## [About this exercise]
The reply should hold only the lines below beginning at the one with "尖頭素面車線舒適娃娃鞋平底鞋包鞋灰色(31-48)" and ending at the one with "If you're looking", copied exactly, with every picture left out.

## [Data to process]
__________________________________________________
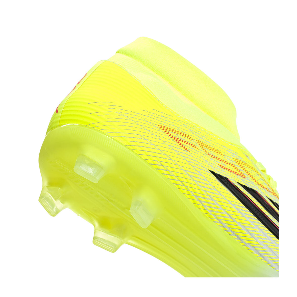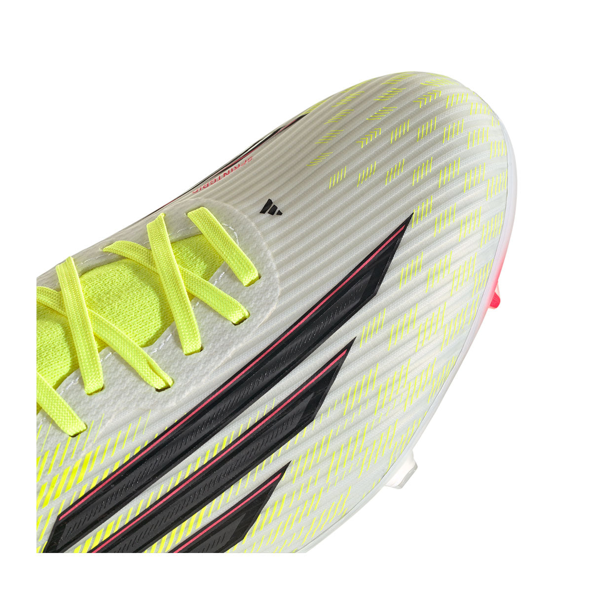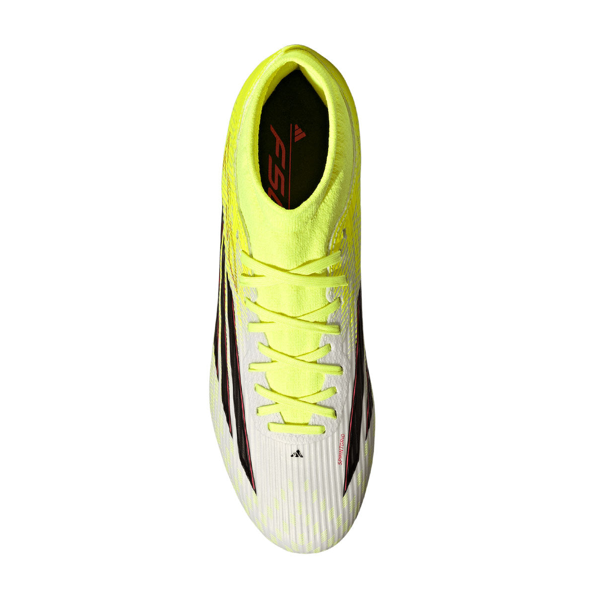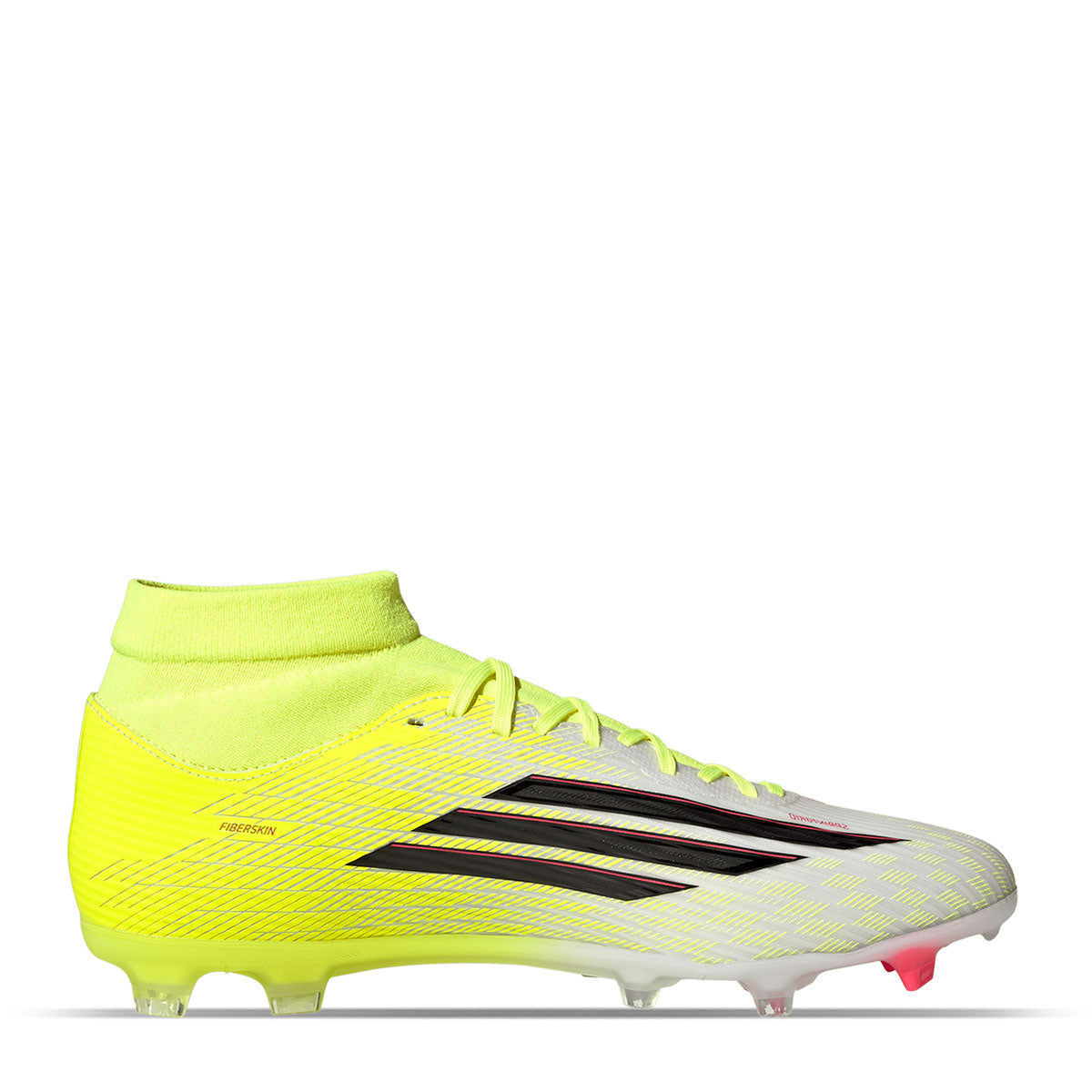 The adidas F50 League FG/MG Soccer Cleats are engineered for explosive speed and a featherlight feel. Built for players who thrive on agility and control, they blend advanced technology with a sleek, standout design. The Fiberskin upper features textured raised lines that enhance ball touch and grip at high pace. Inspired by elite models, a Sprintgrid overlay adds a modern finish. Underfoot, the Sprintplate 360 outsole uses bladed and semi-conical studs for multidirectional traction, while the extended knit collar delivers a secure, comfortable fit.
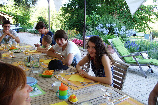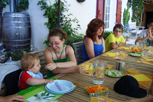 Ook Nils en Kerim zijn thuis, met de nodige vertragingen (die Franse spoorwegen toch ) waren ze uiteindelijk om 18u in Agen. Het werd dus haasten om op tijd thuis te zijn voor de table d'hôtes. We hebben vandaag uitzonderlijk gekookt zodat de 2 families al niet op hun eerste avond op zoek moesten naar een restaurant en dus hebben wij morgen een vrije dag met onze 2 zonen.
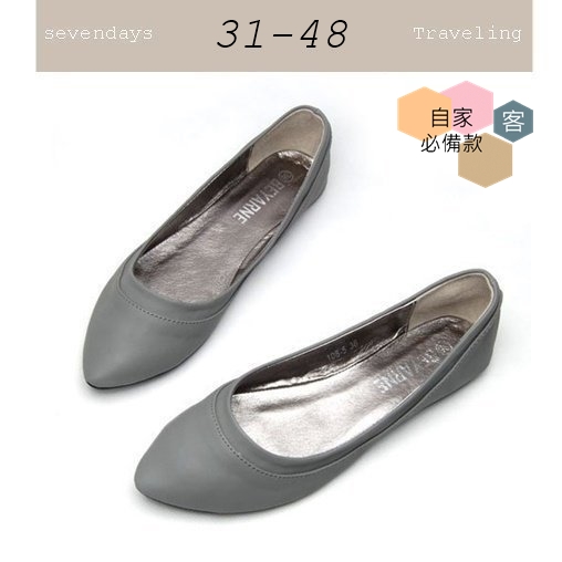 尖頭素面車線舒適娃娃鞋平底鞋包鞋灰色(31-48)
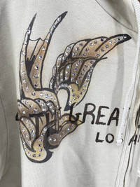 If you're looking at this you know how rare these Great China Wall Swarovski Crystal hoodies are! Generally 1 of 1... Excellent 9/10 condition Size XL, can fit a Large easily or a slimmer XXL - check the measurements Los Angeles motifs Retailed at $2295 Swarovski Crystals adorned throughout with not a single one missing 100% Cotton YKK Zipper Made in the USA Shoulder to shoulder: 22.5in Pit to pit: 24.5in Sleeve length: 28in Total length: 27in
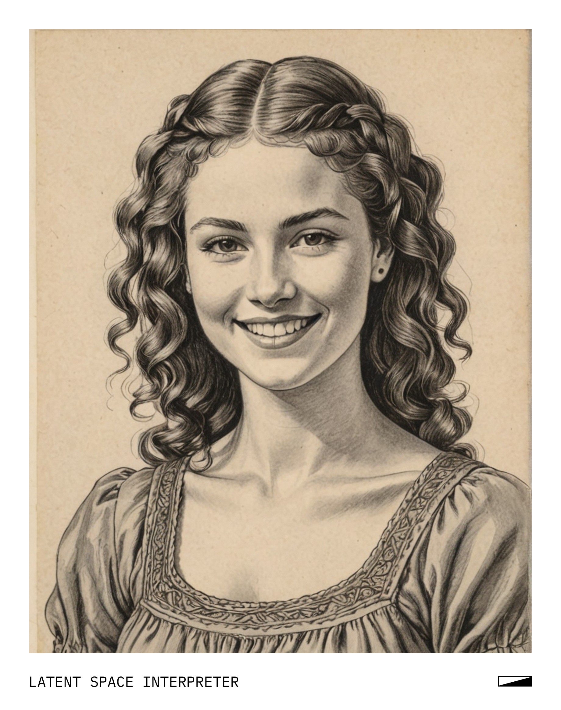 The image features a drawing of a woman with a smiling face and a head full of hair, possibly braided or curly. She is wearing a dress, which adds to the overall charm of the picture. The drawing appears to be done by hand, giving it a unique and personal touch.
__________________________________________________
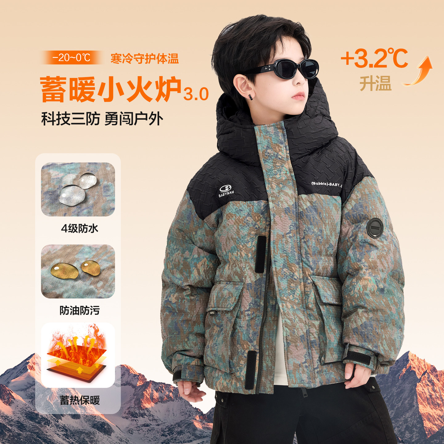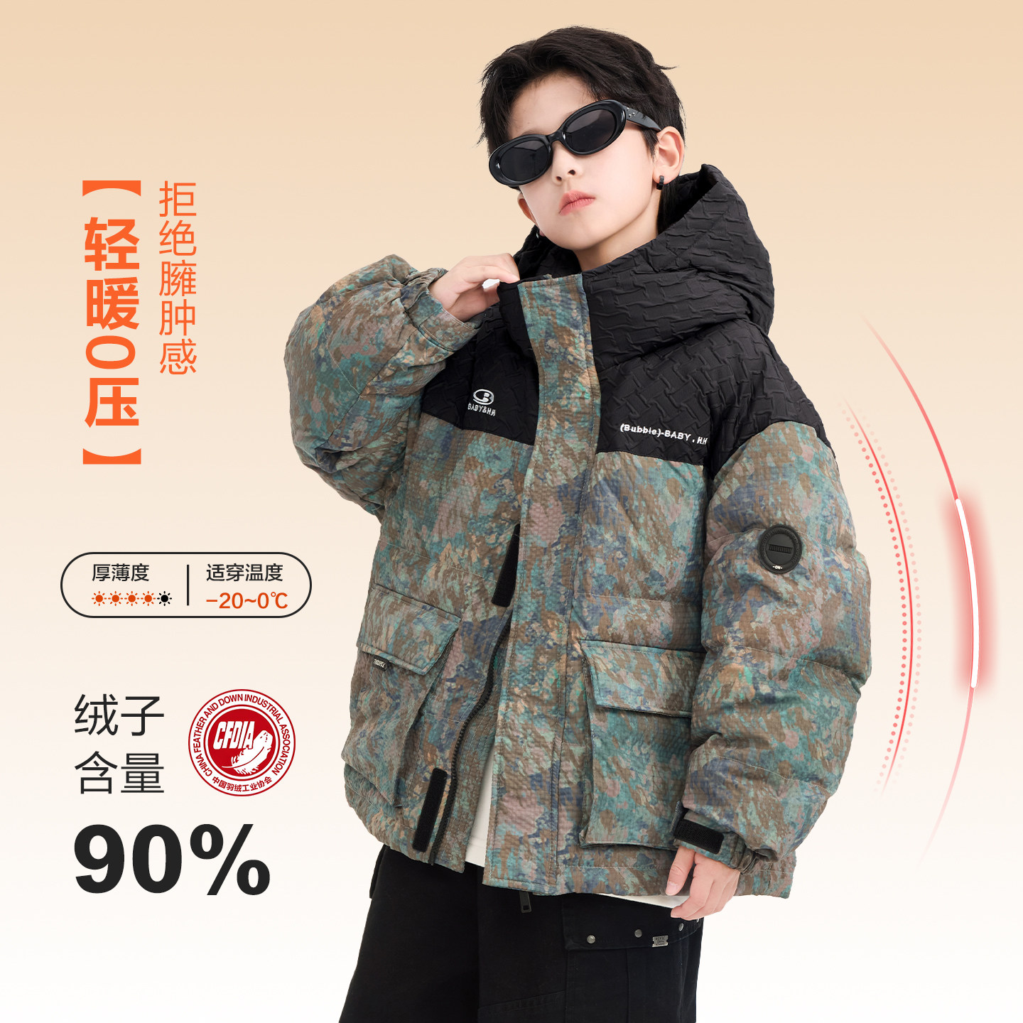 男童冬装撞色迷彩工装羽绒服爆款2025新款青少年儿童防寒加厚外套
__________________________________________________
## [Result of the task]
 尖頭素面車線舒適娃娃鞋平底鞋包鞋灰色(31-48)
 If you're looking at this you know how rare these Great China Wall Swarovski Crystal hoodies are! Generally 1 of 1... Excellent 9/10 condition Size XL, can fit a Large easily or a slimmer XXL - check the measurements Los Angeles motifs Retailed at $2295 Swarovski Crystals adorned throughout with not a single one missing 100% Cotton YKK Zipper Made in the USA Shoulder to shoulder: 22.5in Pit to pit: 24.5in Sleeve length: 28in Total length: 27in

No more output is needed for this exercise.